§ The problem: Drop the images; return everything else in the listing below exactly.

§ Material provided:
--*--
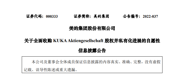 2021年11月,美的集團發布公告稱,擬全面收購庫卡股權,收購完成后,庫卡將成為美的全資控股的境外子公司,并從法蘭克福交易所退市。
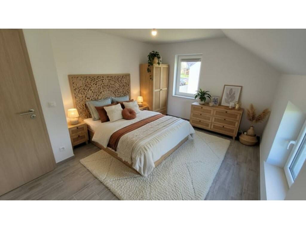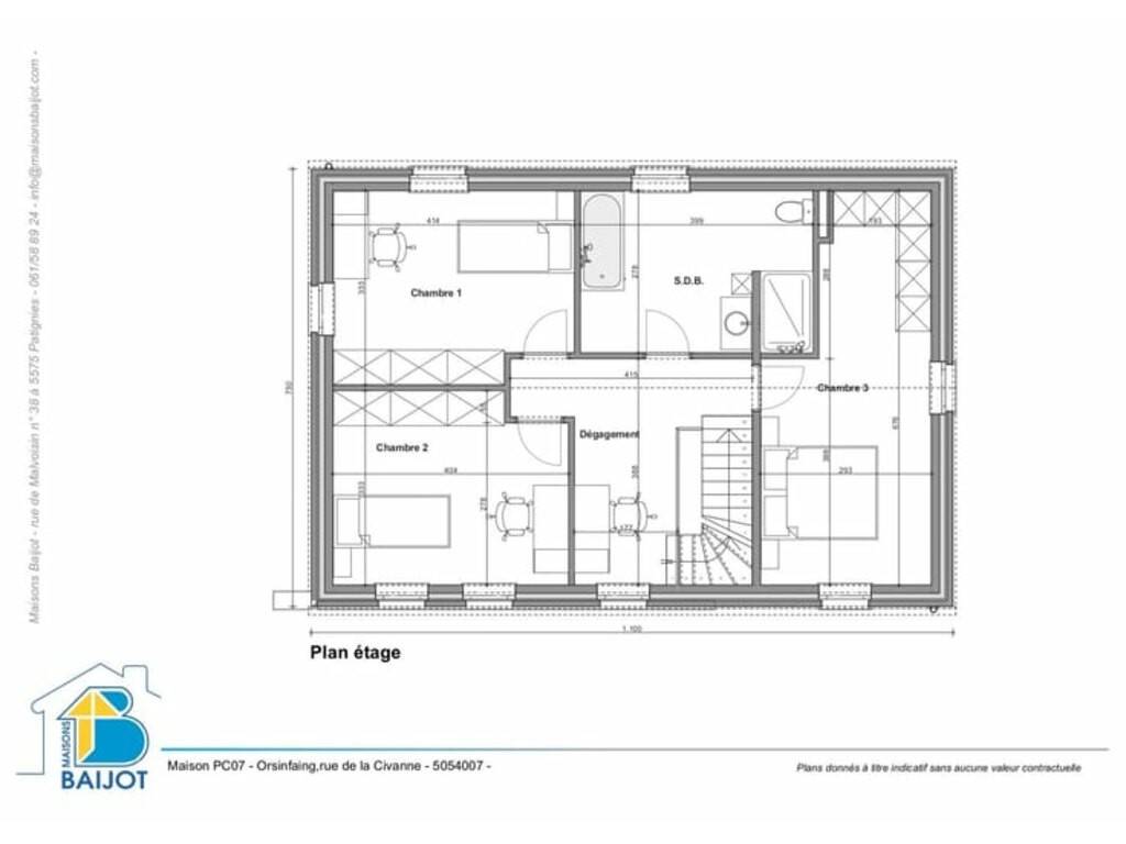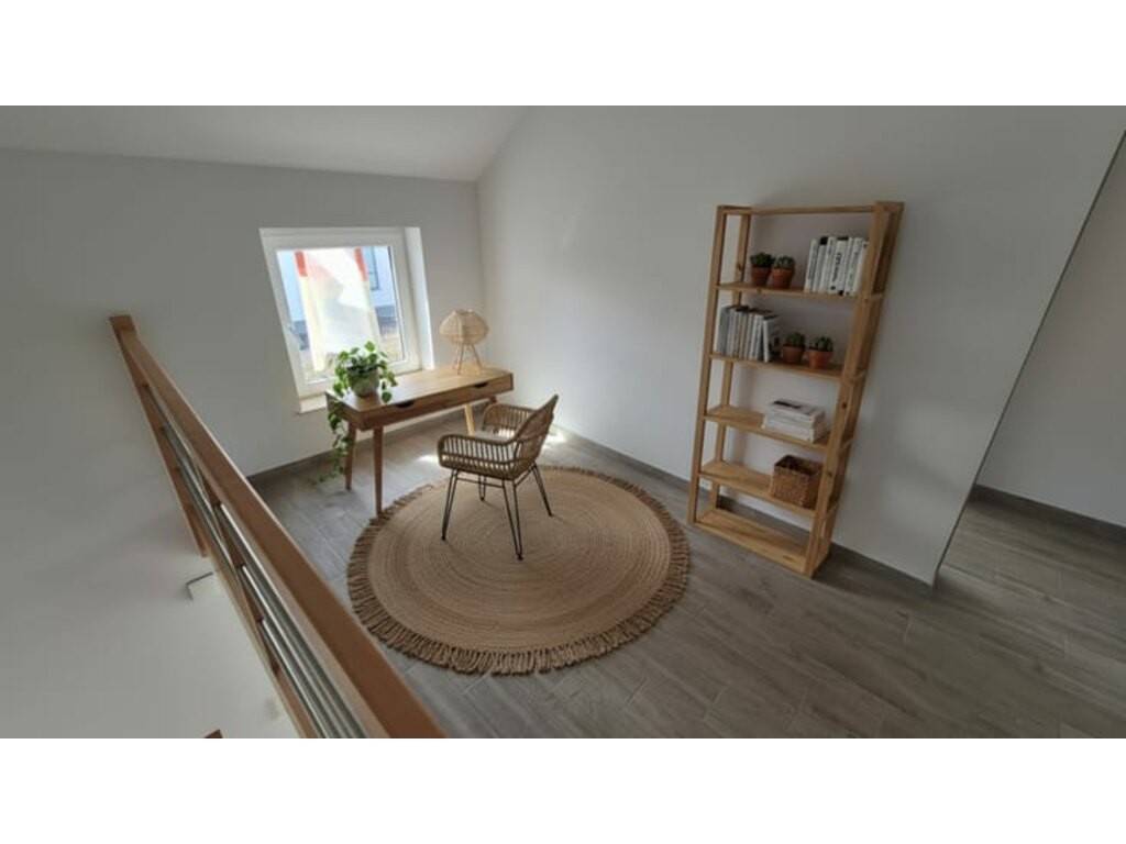 À l’étage : • Un hall de nuit lumineux avec espace bureau • Trois chambres, dont une avec espace dressing • Une salle de bains complète (baignoire, douche, meuble lavabo et WC)
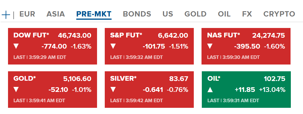 Hợp đồng tương lai của chứng khoán Hoa Kỳ chủ nhật tại Mỹ (08/03-US) đồng loạt giảm đáng kể ở cả ba chỉ số. Hợp đồng vàng và bạc cũng giảm nhẹ quanh 5106 USD/ounce và 83.67 USD/ounce. Riêng dầu tăng mạnh hơn 13% lên quanh 102.75 USD/thùng.
--*--
§ Output for this task:
 2021年11月,美的集團發布公告稱,擬全面收購庫卡股權,收購完成后,庫卡將成為美的全資控股的境外子公司,并從法蘭克福交易所退市。
 À l’étage : • Un hall de nuit lumineux avec espace bureau • Trois chambres, dont une avec espace dressing • Une salle de bains complète (baignoire, douche, meuble lavabo et WC)
 Hợp đồng tương lai của chứng khoán Hoa Kỳ chủ nhật tại Mỹ (08/03-US) đồng loạt giảm đáng kể ở cả ba chỉ số. Hợp đồng vàng và bạc cũng giảm nhẹ quanh 5106 USD/ounce và 83.67 USD/ounce. Riêng dầu tăng mạnh hơn 13% lên quanh 102.75 USD/thùng.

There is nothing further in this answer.